Wat Saen Fang (วัดแสนฝาง) is a Buddhist temple in Chiang Mai, Thailand. The temple was founded in the 1500s, but all extant structures date to the 1800s or later. The viharn of Wat Saen Fang previously served as the royal residence (ho kham) of Kawirolot in the 1860s, and was converted into a viharn by his successor, Inthawichayanon in 1878. The temple is also noted for its Burmese-style chedi, which is gilded with glass mosaic. The ubosot, which is topped with kinnara, is a fusion of Burmese and Lan Na styles.

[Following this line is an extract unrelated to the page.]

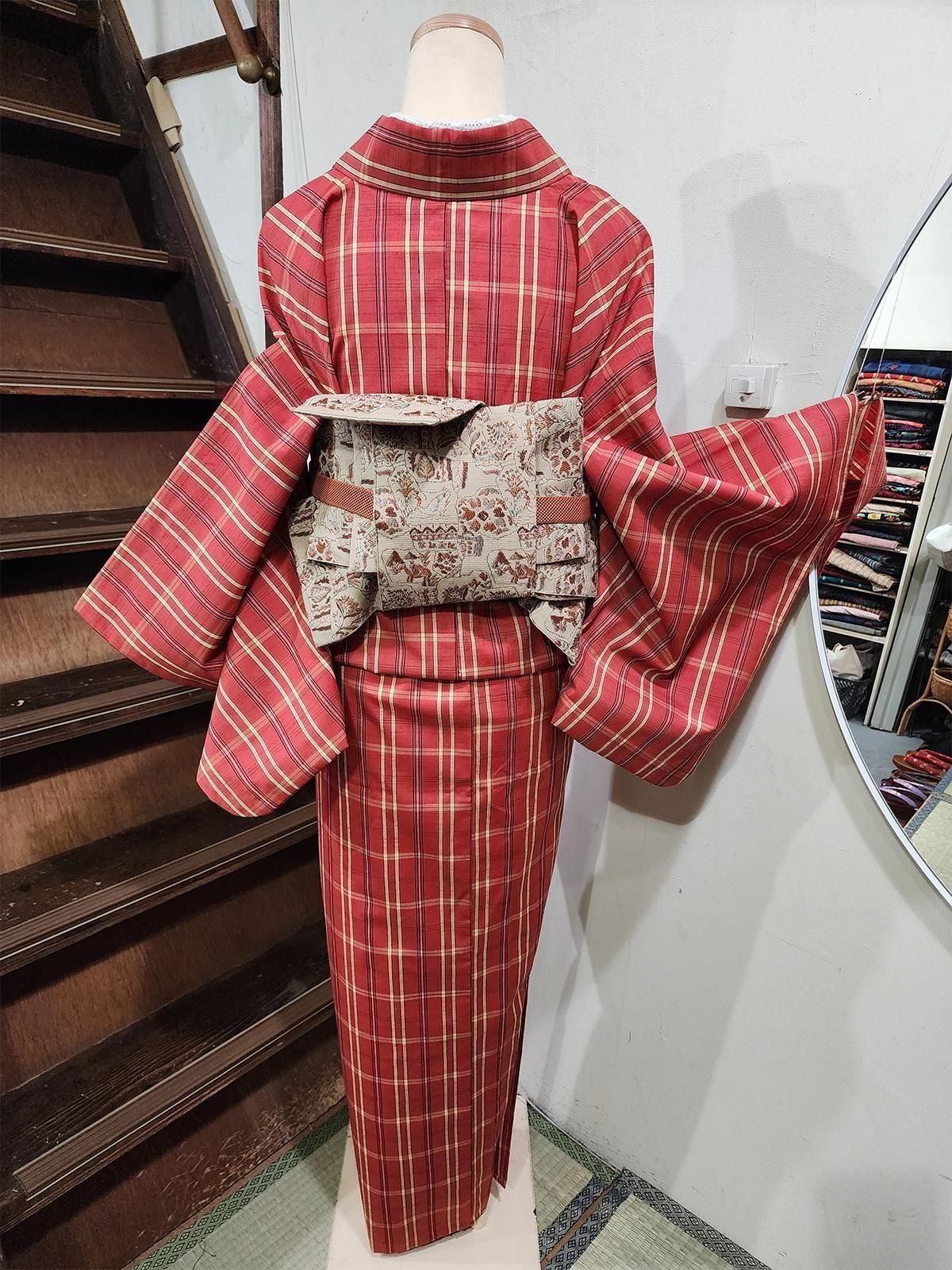 - 季節・シーン: 単仕立てのウール着物は、秋口から春先までのスリーシーズンに活躍。羽織を重ねれば真冬も心強く、カフェ巡り、街歩き、観劇や旅行など普段のおしゃれからちょっとしたお出かけまで幅広くお楽しみいただけます。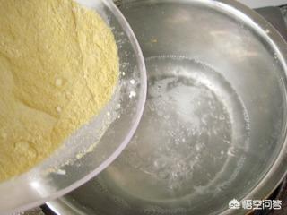 3、将清水倒入锅中烧开,将混合好的面粉徐徐撒入开水锅中再关火。(待玉米面完,水也干了)

Supamon Peerapornpisal attributes the ubosot and the kuti to U Pan Nyo (1845–1927), a Burmese timber merchant from Mawlamyine who was granted trade rights in Lan Na and is known in Thai as Luang Yonakan Phichit. She dates them to the 1870s and describes them as built in a Western manner influenced by British design in Burma. The kuti, known as the Yonakan Phichit building, has stucco-decorated windows and arches. Its upper floor carries a clerestory, which she compares to the division of space in a Christian church, with a central hallway and side halls.

Supamon places the temple among eleven sites in Chiang Mai and Lampang where Western architectural features appear. She traces the route of that influence through Burma, a British colony from 1824 to 1948, and specifically through timber merchants working in Chiang Mai, rather than through any colonial rule over Siam. Across those sites she finds Western features chiefly in buildings of restricted access such as kutis and ubosots, while open-access buildings such as wihans remain in Lan Na or Burmese style.